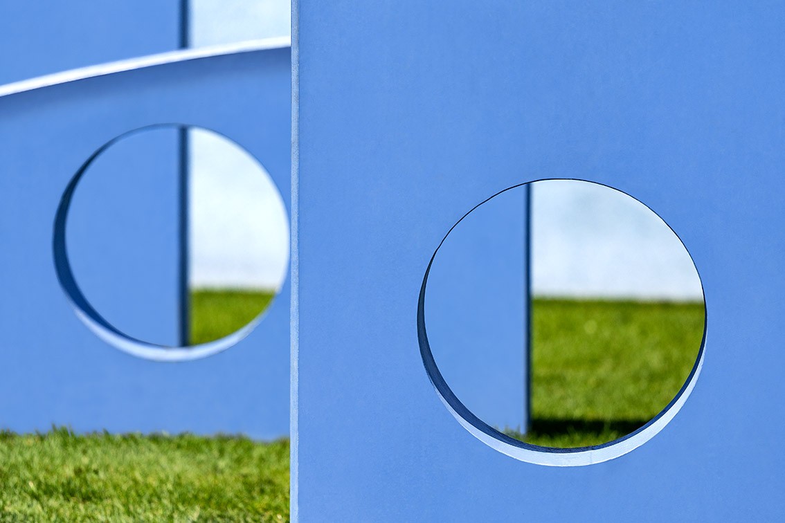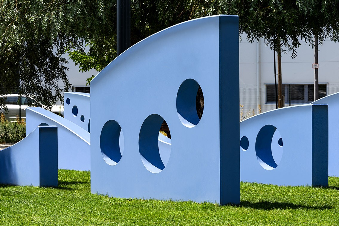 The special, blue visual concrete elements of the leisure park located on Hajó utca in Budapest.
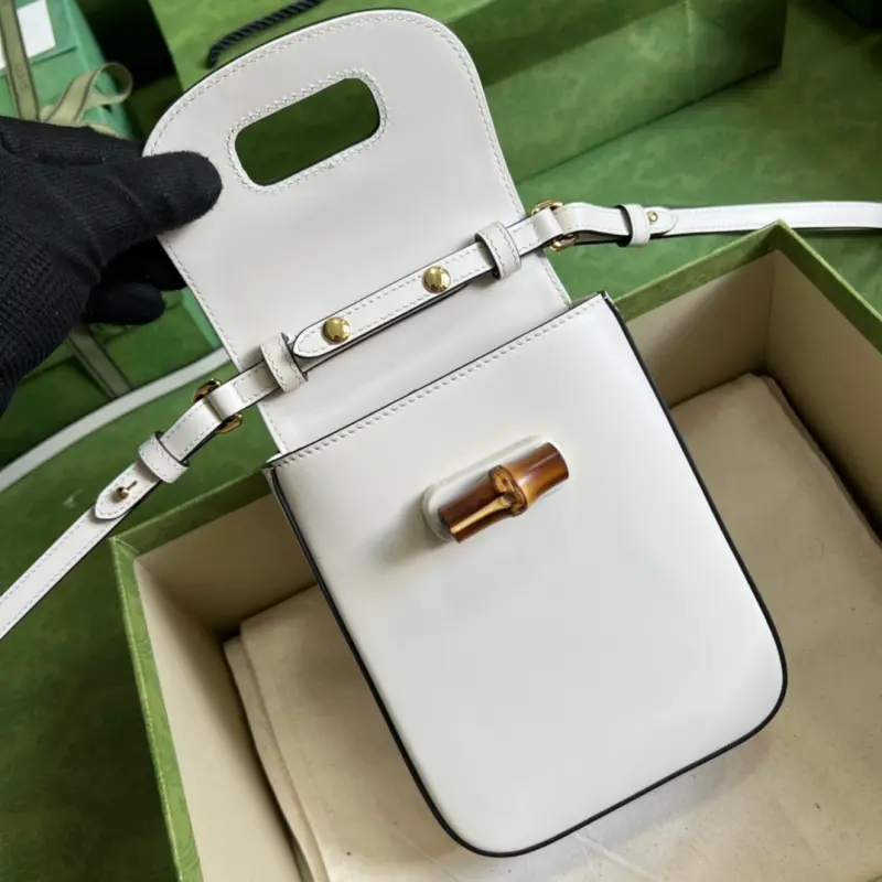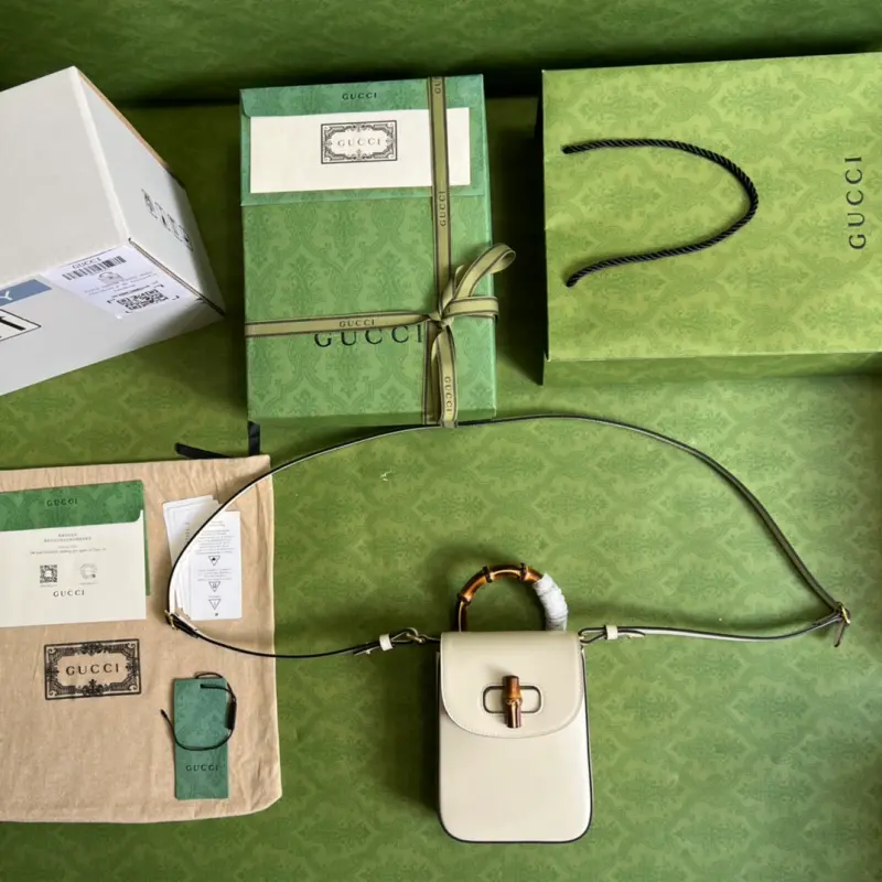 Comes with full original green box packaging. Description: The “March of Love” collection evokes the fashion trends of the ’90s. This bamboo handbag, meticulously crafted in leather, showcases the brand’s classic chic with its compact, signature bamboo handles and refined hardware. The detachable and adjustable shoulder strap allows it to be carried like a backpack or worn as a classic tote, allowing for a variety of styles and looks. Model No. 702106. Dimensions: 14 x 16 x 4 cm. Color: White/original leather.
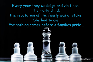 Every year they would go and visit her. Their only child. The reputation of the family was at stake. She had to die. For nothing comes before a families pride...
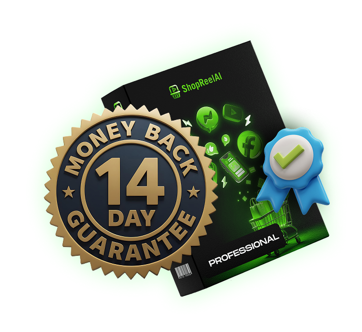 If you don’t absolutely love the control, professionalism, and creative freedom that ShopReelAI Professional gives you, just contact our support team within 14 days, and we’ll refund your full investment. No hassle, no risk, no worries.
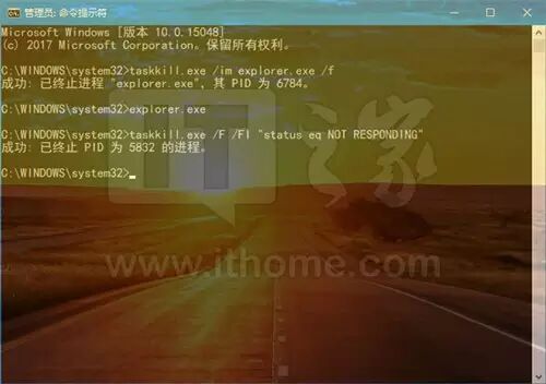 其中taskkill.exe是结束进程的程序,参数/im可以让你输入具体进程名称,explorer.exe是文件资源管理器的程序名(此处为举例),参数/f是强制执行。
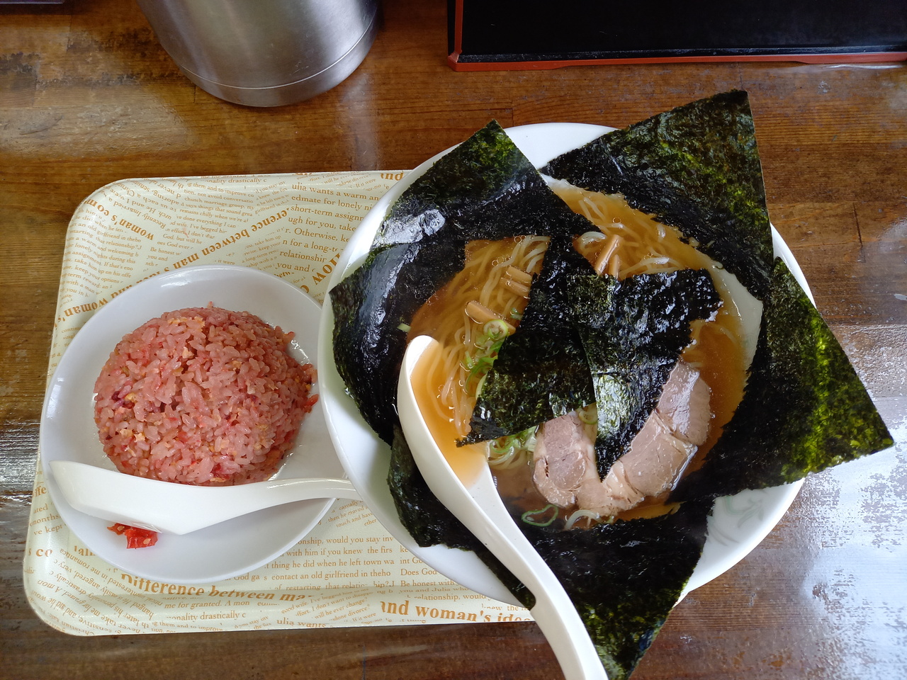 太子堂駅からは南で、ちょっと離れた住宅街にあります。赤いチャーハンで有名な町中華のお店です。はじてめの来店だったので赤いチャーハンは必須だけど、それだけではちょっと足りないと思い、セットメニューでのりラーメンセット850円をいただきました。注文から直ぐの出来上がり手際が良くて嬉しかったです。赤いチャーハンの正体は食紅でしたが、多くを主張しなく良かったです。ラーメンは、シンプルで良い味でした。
--
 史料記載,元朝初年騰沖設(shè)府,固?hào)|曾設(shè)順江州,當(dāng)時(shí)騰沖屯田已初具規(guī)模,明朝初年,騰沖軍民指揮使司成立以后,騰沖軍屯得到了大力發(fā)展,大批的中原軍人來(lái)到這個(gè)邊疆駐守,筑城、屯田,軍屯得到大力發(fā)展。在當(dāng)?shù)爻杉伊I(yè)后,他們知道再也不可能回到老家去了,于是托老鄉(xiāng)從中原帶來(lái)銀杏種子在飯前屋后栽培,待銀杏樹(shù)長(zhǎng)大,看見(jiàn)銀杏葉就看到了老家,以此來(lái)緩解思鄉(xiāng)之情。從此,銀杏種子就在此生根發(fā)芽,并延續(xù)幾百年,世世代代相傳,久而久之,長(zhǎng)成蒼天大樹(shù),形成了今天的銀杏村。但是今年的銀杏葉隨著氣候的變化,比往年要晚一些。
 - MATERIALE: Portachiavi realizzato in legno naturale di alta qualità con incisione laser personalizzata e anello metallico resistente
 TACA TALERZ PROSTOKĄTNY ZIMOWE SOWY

# Your goal
Please set down, exactly and with no pictures, the lines in the entries above starting at the one holding "Every year they" and ending at the one holding "其中taskkill.exe", ends included.

# Task output
 Every year they would go and visit her. Their only child. The reputation of the family was at stake. She had to die. For nothing comes before a families pride...
 If you don’t absolutely love the control, professionalism, and creative freedom that ShopReelAI Professional gives you, just contact our support team within 14 days, and we’ll refund your full investment. No hassle, no risk, no worries.
 其中taskkill.exe是结束进程的程序,参数/im可以让你输入具体进程名称,explorer.exe是文件资源管理器的程序名(此处为举例),参数/f是强制执行。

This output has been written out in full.